*Data block:*
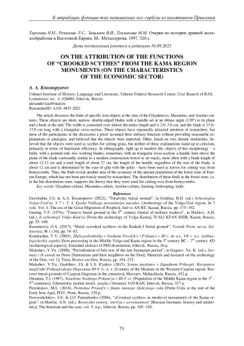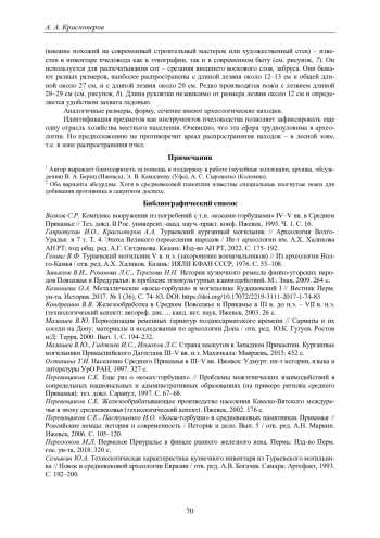 1. Волков С.Р. Комплекс вооружения из погребений с т.н. “косами-горбушами” IV-V вв. в Среднем Прикамье // Тез. докл. II Рос. университ.-акад. науч.-практ. конф. Ижевск, 1995. Ч. 1. С. 16.
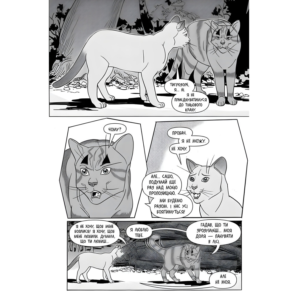 Мировой бестселлер от Эрин Гантер – теперь в мангах! Саша имела все, о чем может мечтать кицюня: хорошие хозяева, которые заботились о ней днем, и свободные ночи, когда можно изучать окружающие территории. Но счастливым дням пришел конец, поэтому Саша вынуждена покинуть дом и поселиться в лесу. Встретившись с Тигрозиром, она влюбляется и начинает думать, что лучшим для нее будет присоединиться к воинам. Но у Тигрозора много тайн, вспыльчивый нрав и не очень понятные намерения. Каково его настоящее лицо? И можно ли ему доверить свою жизнь? Почему следует читать: Серия приключенческих романов-фэнтези, читающих подростки и их родители. У книг серии есть ценители в Англии, США, Германии, Франции, Испании, Италии, Польше, Чехии, Японии, Китае… — более 30 000 000 читателей и фанов во всем мире!
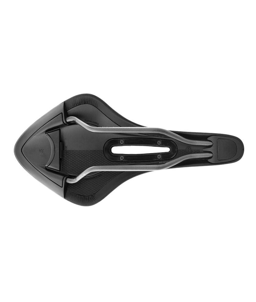Arione R3 Open features a composite Carbon-reinforced nylon shell and a light, strong, corrosion-resistant Kium rail. A Comfort Core foam layer beneath the neat, durable Microtex cover provides comfort, which is enhanced by the full anatomic cut-out that avoids pressure on the rider’s sensitive soft tissue and ensures that all weight is correctly supported across the whole surface of the saddle.
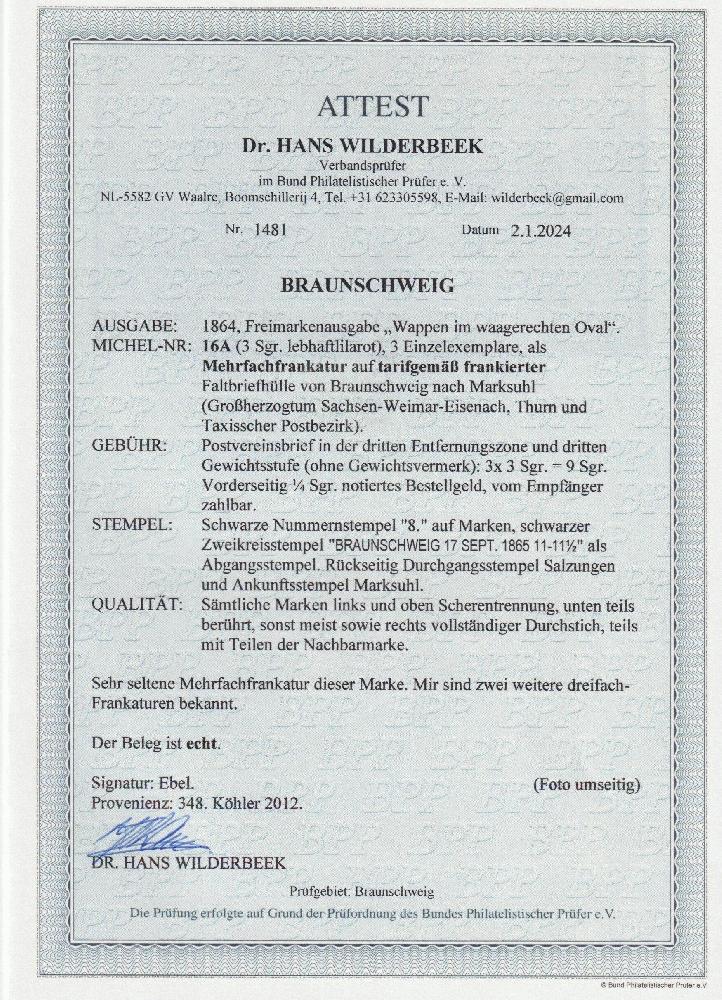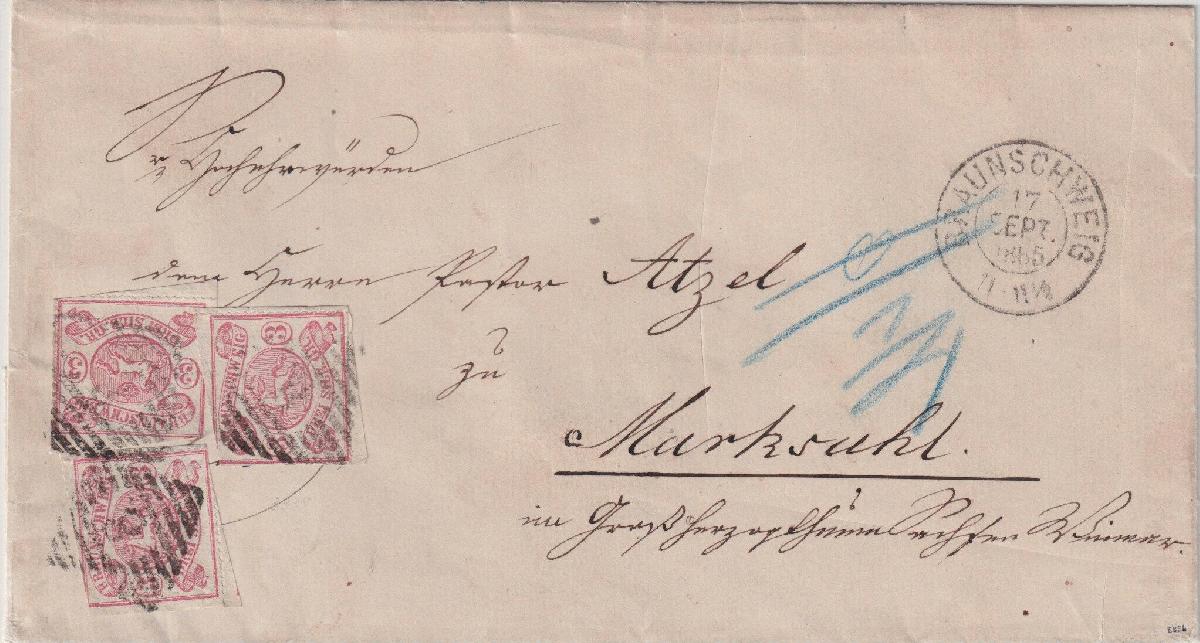 | Zusatzinformationen und Suchstichworte: | Südphila P. Feuser 101. Auktion 16. März 2024 Los 281 Altdeutschland Braunschweig 3 Sgr. rosa, drei Exemplare (mit Scherentrennung) auf Brief der 3.Gewichtsstufe mit Stempel "8" Braunschweig nach Marksuhl/Thüringen (1/4 Sgr. Bestellgeld vorderseitig taxiert), eine außergewöhnlich seltene Mehrfachfrankatur (nur noch zwei weitere Briefe bekannt) Ausruf 500,00 EUR |

*Task item:*
Word for word, restate the material above; do not carry over the pictures.

*Answer area:*
 1. Волков С.Р. Комплекс вооружения из погребений с т.н. “косами-горбушами” IV-V вв. в Среднем Прикамье // Тез. докл. II Рос. университ.-акад. науч.-практ. конф. Ижевск, 1995. Ч. 1. С. 16.
 Мировой бестселлер от Эрин Гантер – теперь в мангах! Саша имела все, о чем может мечтать кицюня: хорошие хозяева, которые заботились о ней днем, и свободные ночи, когда можно изучать окружающие территории. Но счастливым дням пришел конец, поэтому Саша вынуждена покинуть дом и поселиться в лесу. Встретившись с Тигрозиром, она влюбляется и начинает думать, что лучшим для нее будет присоединиться к воинам. Но у Тигрозора много тайн, вспыльчивый нрав и не очень понятные намерения. Каково его настоящее лицо? И можно ли ему доверить свою жизнь? Почему следует читать: Серия приключенческих романов-фэнтези, читающих подростки и их родители. У книг серии есть ценители в Англии, США, Германии, Франции, Испании, Италии, Польше, Чехии, Японии, Китае… — более 30 000 000 читателей и фанов во всем мире!
Arione R3 Open features a composite Carbon-reinforced nylon shell and a light, strong, corrosion-resistant Kium rail. A Comfort Core foam layer beneath the neat, durable Microtex cover provides comfort, which is enhanced by the full anatomic cut-out that avoids pressure on the rider’s sensitive soft tissue and ensures that all weight is correctly supported across the whole surface of the saddle.
 | Zusatzinformationen und Suchstichworte: | Südphila P. Feuser 101. Auktion 16. März 2024 Los 281 Altdeutschland Braunschweig 3 Sgr. rosa, drei Exemplare (mit Scherentrennung) auf Brief der 3.Gewichtsstufe mit Stempel "8" Braunschweig nach Marksuhl/Thüringen (1/4 Sgr. Bestellgeld vorderseitig taxiert), eine außergewöhnlich seltene Mehrfachfrankatur (nur noch zwei weitere Briefe bekannt) Ausruf 500,00 EUR |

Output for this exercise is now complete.